Apothekerverband mischt sich nicht ein

Wer das nicht weiss, kann Glück haben und der Apotheker oder die Apothekerin bietet ihm beide Versionen an oder man lässt ihm im Dunklen und kassiert den höheren Preis. Eine Stichprobe des SRF-Konsumentenmagazins «Espresso» in verschiedenen Apotheken zeigt: Man kann das eine oder andere erleben.

Vorgaben an die Apotheken gibt es keine. Man mische sich generell nicht die Geschäftspolitik der Mitglieder ein, heisst es beim Branchenverband PharmaSuisse. Ausser wenn zum Beispiel Sicherheitsnormen verletzt würden.
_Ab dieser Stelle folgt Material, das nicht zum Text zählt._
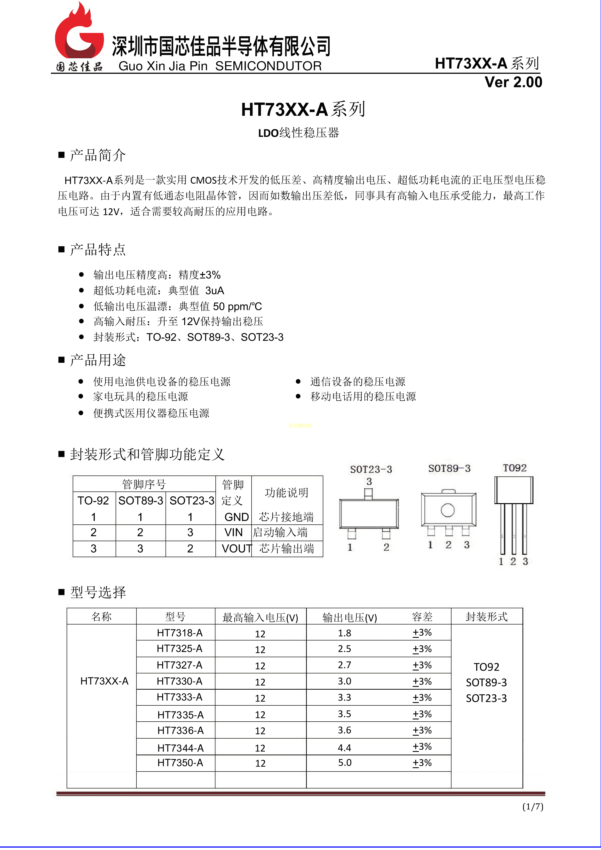 HT7333-A数据手册SOT-89封装国芯佳品PDF规格书,中英文下载

Der Kunde oder die Kundin muss sich also selbst bemühen, nachfragen und auf einen transparenten Apotheker hoffen. «Sehr störend» findet das Sara Stalder von der Stiftung für Konsumentenschutz (SKS). Sie würde diese Praxis am liebsten verbieten, sieht aber ein, dass sich dies wohl politisch kaum durchsetzen liesse. Schliesslich würde das einen happigen Eingriff in den freien Markt bedeuten. Als realistischer erachtet sie es deshalb, alle Apotheker zur Transparenz anzuhalten.